Somewhere in the world a trap snaps on an animal every second.
While you are reading this line, at least three animals are trapped in a snare trap.
It is all for vain humans.
Every second an animal dies for fashion. 60,000,000 animals are killed for clothing every year.
The human race did, and will continue to do, anything to control animals and use them for his comfort and his luxury lifestyle. People are still wearing furs. Do you get it?! What hope is there that some day humans will see milk as rape, baby steal, extreme exploitation and murder, if humans are not even beyond, the so basic step, of not wearing someone’s fur?
The most common method of trapping is the use of “steel-jaw leghold trap”, the diabolical instrument of torture.
To lure fur bearers into the trap, trappers employ any manipulation they can think of including audio recordings of a crying animal previously ensnared, like a fox caught in a steel-jaw trap.
When an unsuspecting animal puts his foot on the trap, heavy iron jaws snap it, slashing skin and breaking bones.

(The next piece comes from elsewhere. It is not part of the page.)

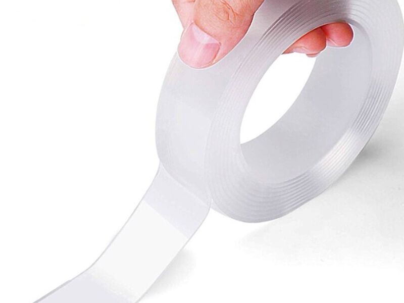 Cinta adhesiva que tiene adhesivo en ambos lados, utilizada para unir materiales como papel, plástico, madera y metal de manera temporal o permanente.

Trapped mothers are desperate to return to their young who are doomed to starvation.
The animals struggle and try to release from the trap with their teeth, breaking many of them. They suffer a slow, excruciating death by freezing, hunger or being attacked by predators.
What great alternatives to choose from. How would you like to die?
Many animals will chew off their own leg to escape!
Up to 1 out of every 4 trapped animals escape by chewing off their own feet, only to die later from blood loss, fever, gangrene, or predation.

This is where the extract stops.